THE PROBLEM:
Could the listing below be returned exactly, with its pictures left out?

GIVEN INFORMATION:
========
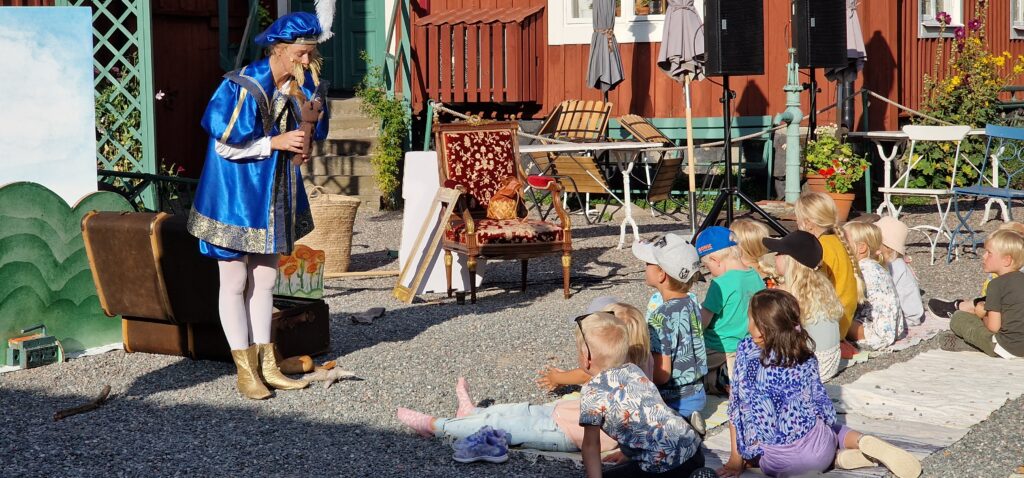 Pjäsen ska snart börja. Barnen på Callanderska gården har bänkat sig på mattorna som ligger utlagda framför kulissen där Lotta redan finns på plats, småpratar och svarar på frågor.
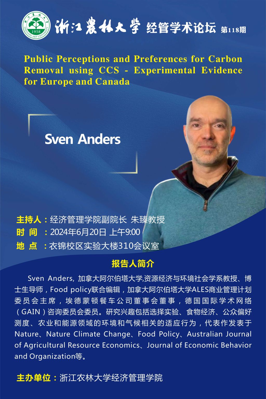 经管学术论坛第118期|Public Perceptions and Preferences for Carbon Removal using CCS - Experimental Evidence for Europe and Canada
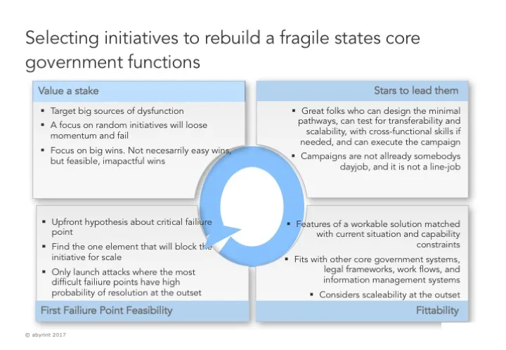 Rebuilding governments of fragile states requires agility. This is a buzzword concept, admittedly a dated one, but probably a relevant one for fragile states. Selecting the reform initiative is the critical step in being agile.
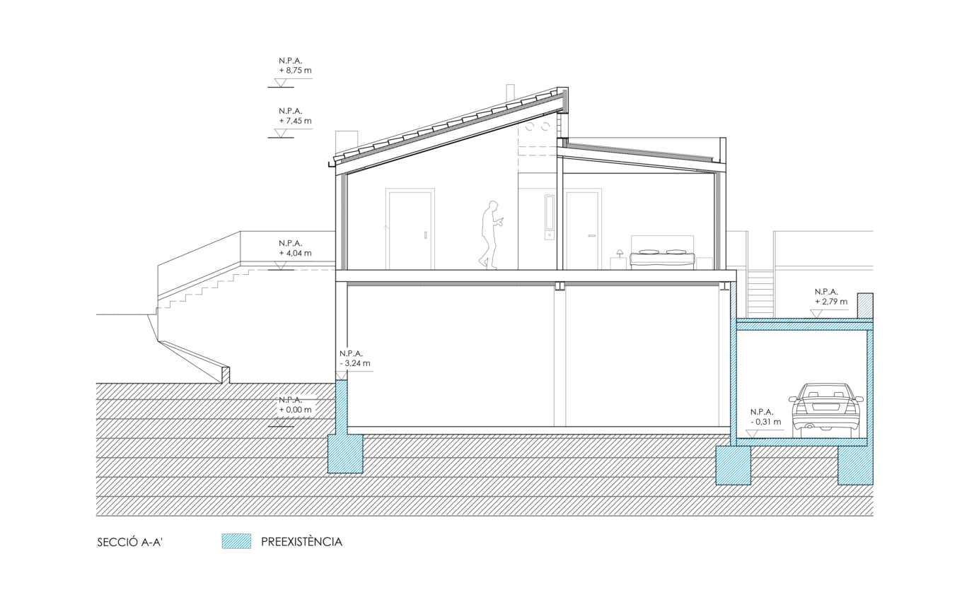 Els clients d’aquest projecte van adquirir una finca per construir-s’hi un petit habitatge. La finca ja comptava amb uns murs de contenció i un garatge construïts, pel que la nova vivenda s’ha dissenyat per col·locar-se sobre d’aquestes preexistències.
========
RESULT OF THIS TASK:
 Pjäsen ska snart börja. Barnen på Callanderska gården har bänkat sig på mattorna som ligger utlagda framför kulissen där Lotta redan finns på plats, småpratar och svarar på frågor.
 经管学术论坛第118期|Public Perceptions and Preferences for Carbon Removal using CCS - Experimental Evidence for Europe and Canada
 Rebuilding governments of fragile states requires agility. This is a buzzword concept, admittedly a dated one, but probably a relevant one for fragile states. Selecting the reform initiative is the critical step in being agile.
 Els clients d’aquest projecte van adquirir una finca per construir-s’hi un petit habitatge. La finca ja comptava amb uns murs de contenció i un garatge construïts, pel que la nova vivenda s’ha dissenyat per col·locar-se sobre d’aquestes preexistències.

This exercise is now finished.